🤖 AI Summary
Multimodal Emotion Recognition in Conversations (MERC) aims to enhance fine-grained and natural emotion understanding in human–computer interaction by fusing textual, acoustic, and visual modalities. However, existing unimodal approaches struggle with cross-modal asynchrony and context dependency inherent in dynamic conversational settings. This paper presents the first systematic survey of MERC research: it clarifies task formulations, evaluation benchmarks, and historical evolution; establishes a structured taxonomy encompassing feature- and decision-level fusion, attention mechanisms, graph neural networks, cross-modal contrastive learning, and multi-task learning; identifies core challenges—including cross-modal alignment and dynamic contextual modeling; and analyzes current performance bottlenecks and benchmark gaps. The survey provides a rigorous theoretical framework and actionable technical roadmap for advancing emotion-aware dialogue systems.
📝 Abstract
While text-based emotion recognition methods have achieved notable success, real-world dialogue systems often demand a more nuanced emotional understanding than any single modality can offer.

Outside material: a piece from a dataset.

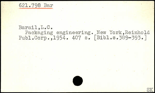 Packaging engineering. New York,Reinhold Publ.Corp.71954.

Multimodal Emotion Recognition in Conversations (MERC) has thus emerged as a crucial direction for enhancing the naturalness and emotional understanding of human-computer interaction. Its goal is to accurately recognize emotions by integrating information from various modalities such as text, speech, and visual signals. This survey offers a systematic overview of MERC, including its motivations, core tasks, representative methods, and evaluation strategies. We further examine recent trends, highlight key challenges, and outline future directions. As interest in emotionally intelligent systems grows, this survey provides timely guidance for advancing MERC research.